To prepare, what I do is get a good example of a beer style and describe it. For example, let's say you want to be able to describe an Australian Sparkling Ale (Category 12B on the 2015 BJCP Beer Style Guidelines). Not too surprisingly, it turns out "Coopers Sparkling Ale" is listed as a good example of the style. So, track down a bottle, and without looking at the BJCP description, pour the beer into a glass and start describing the aroma, appearance, flavor, mouthfeel and overall impression. Then compare your notes to the BJCP style description. Keep doing that with different beer styles until your descriptive language more or less reflects the BJCP descriptive language.

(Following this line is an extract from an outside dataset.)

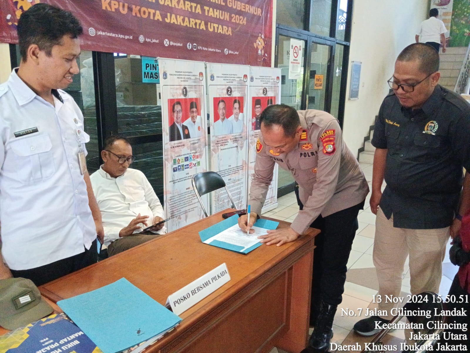 Jakarta, – Penyelenggaraan pemilihan Gubernur dan Wakil Gubernur Provinsi DKI Jakarta yang dihadiri Wakapolsek AKP Syuieb Bahrun,SH., bersama Setakeholder terkait diharapkan netral dalam pemilihan Pilkada 2024 dan diharapkan ASN, TNI- Polri tidak memihak kepada pencalonan calon gubernur dan wakil Gubernur. Deklarasi ini sebagai bentuk komitmen TNI- Polri dan ASN untuk memantau berlangsungnya pemilihan.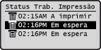 (Controlo de Estado), aparece um ecrã que lhe permite verificar o estado dos documentos que estão a ser impressos. Também pode verificar o estado da máquina, como o nível do toner ou as informações de configuração da rede, por exemplo, o endereço IP da máquina.

Yes, you'll have to be able to pick out flaws in less than great examples of beer styles (which also isn't too hard), but the majority of your score (perhaps 80-90%) on the BJCP tasting exam comes from your ability to describe beer in a BJCP-like fashion.

It's good to practice describing beers with at least one other person so that you can compare notes to make sure you're generally on the same page.

So, no, simply walking up to the to the tasting exam with no practice describing beer probably isn't going to turn out that well, but being able to describe beers well is totally learnable.


----------



## Lowlyf (13/6/17)

Are there any classes or courses to help learn more about this in Brisbane?


----------